Uno de los errores más comunes al vestir es querer que todo destaque al mismo tiempo. El resultado suele ser un look recargado y difícil de leer.
La solución es simple: elige una sola pieza protagonista y deja que haga el trabajo. Cuando una pieza lidera, el resto del look existe para acompañarla — no para competir.

¿Qué es una pieza protagonista?
Es el elemento que atrae la atención primero. Puede ser:
- Un blazer o top estructurado.
- Una falda con volumen o movimiento.
- Un bolso llamativo.
- Un collar especial.
- Un abrigo espectacular.
- Un par de zapatos que llamen la atención.
La clave es que haya una estrella y un elenco de apoyo.

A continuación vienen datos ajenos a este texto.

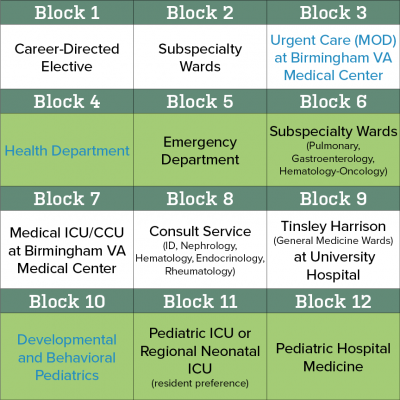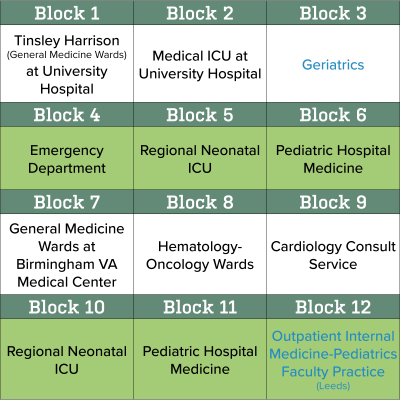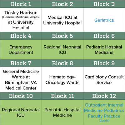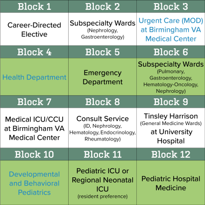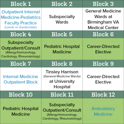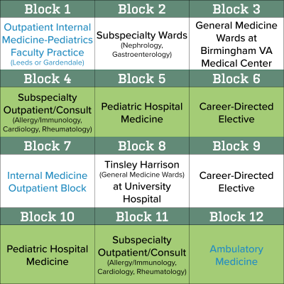 Our Med-Peds training program hosts weekly noon conferences every Wednesday attended by our Med-Peds core clinical faculty, residents, and UAB School of Medicine Med-Peds Interest Group members. Speakers are invited to discuss topics pertinent to internal medicine and pediatrics and cover a range of medical topics as well as topics related to transition, wellness, quality and safety, professional and personal development. We also have quarterly town halls and twice a year PGY class check-ins which provide residents the opportunity to discuss improvements to the program.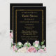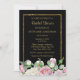 Um elegante chá de panela floral com rosas românticas cor-de-rosa contra um fundo preto, enquadrado com uma borda glamourosa, brilhante e brilhante, de ouro. Personalize adicionando o nome da noiva-a-ser e os detalhes da festa. Imagem impressa plana, NÃO com brilho real.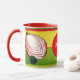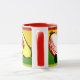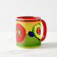 Tasse colorée avec avocat, tomate et oignon sur fond vert et or.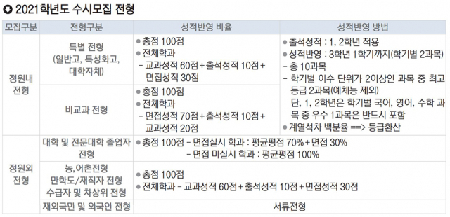 성적 반영은 학교생활기록부 교과성적과 출석성적을 반영하며, 학생부 성적은 3학년 1학기까지 학기별 2과목(총 10과목) 이수단위 2이상인 과목(예·체능 제외)을 반영하며 1, 2학년은 학기별 국어, 영어, 수학 과목 중 우수 1과목은 반드시 반영한다.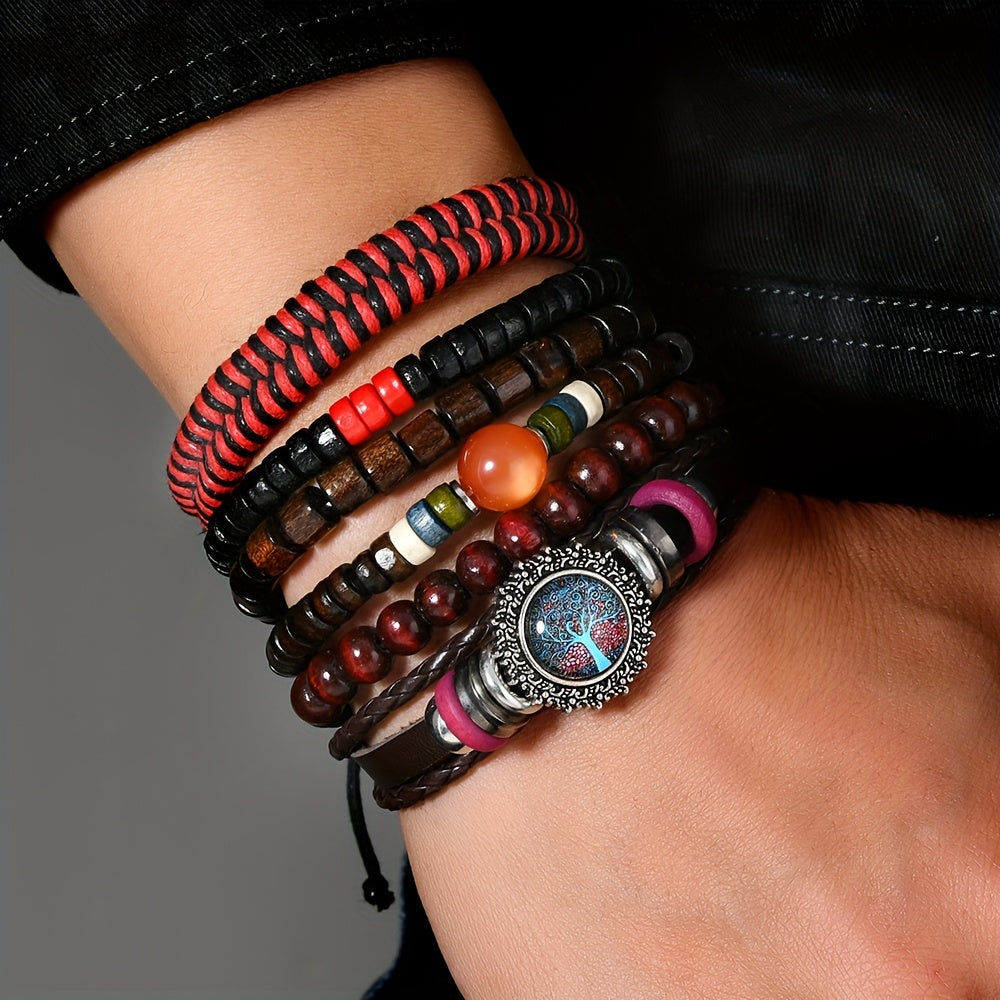 This set includes 6 Gothic retro faux leather bracelets with braided and beaded design. Each bracelet has wooden beads, cat's eye stones, and inlaid glass. The tree of life pattern adds a mystical touch.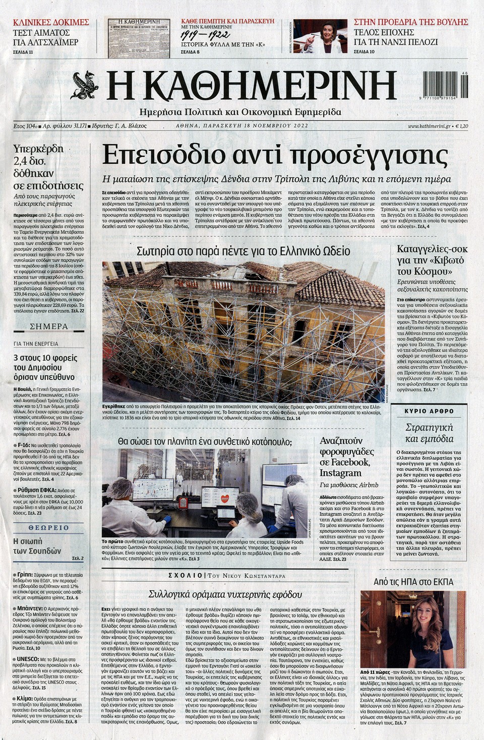 ΚΑΘΗΜΕΡΙΝΗ - 18 Νοεμβρίου 2022

Cuando uno lidera, todo se ve mejor
Cuando tienes una pieza fuerte, el resto del look no necesita competir. Los tonos crema, blanco, camel, negro, gris y azul marino funcionan como un lienzo que permite que la pieza principal destaque aún más.
Piénsalo como una galería de arte: las paredes son simples para que la obra sea la protagonista.
Un blazer estructurado con jeans y una camiseta básica suele verse más elegante que un look lleno de estampados, accesorios y colores compitiendo entre sí. Cuando cada elemento intenta llamar la atención, ninguno lo consigue. Cuando uno lidera, todo el conjunto se ve más intencional.

Un accesorio menos, un estampado menos o una capa menos suele ser suficiente para que el conjunto respire.